ZION - July Fed Meeting Preview: Are Stocks Overvalued Ahead Of A Likely Rate Hike?

2023-07-24 07:30:00 ET

Summary

  • The Federal Reserve will conclude their two-day July policy meeting on Wednesday, July 26.
  • A 25 basis point increase in the overnight benchmark rate to a range of 5.25% to 5.50% is widely expected.
  • I expect Chairman, Jerome Powell, to highlight banking resilience and modest economic cooling in his post-meeting press conference. He may also address the "stickier" components of the CPI.
  • I view another 25bps increase in September or later in the fall as likely and not yet priced into current stock valuations.
  • A 10-15% pullback in the major indexes in the months ahead would be viewed as healthy for a more sustainable rally in the final months of the year.

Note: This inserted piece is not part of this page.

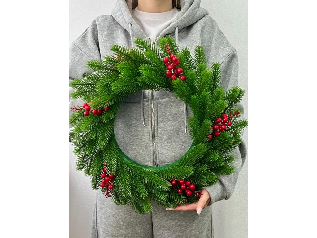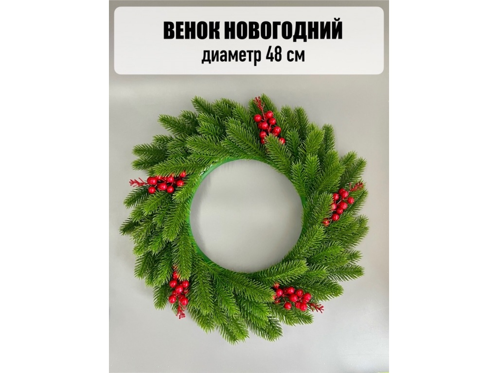Новогодний венок с ягодой большой, 48 см

The Federal Reserve (“Fed”) is expected to increase its overnight interest rate by 25 basis points (“bps”) to a range of 5.25%-5.50% following the conclusion of their July policy meeting this week.

Of greater interest and debate is what the Fed will do in September or later in the fall. The stakes of the post-meeting press conference from Chairman, Jerome Powell, therefore, are high.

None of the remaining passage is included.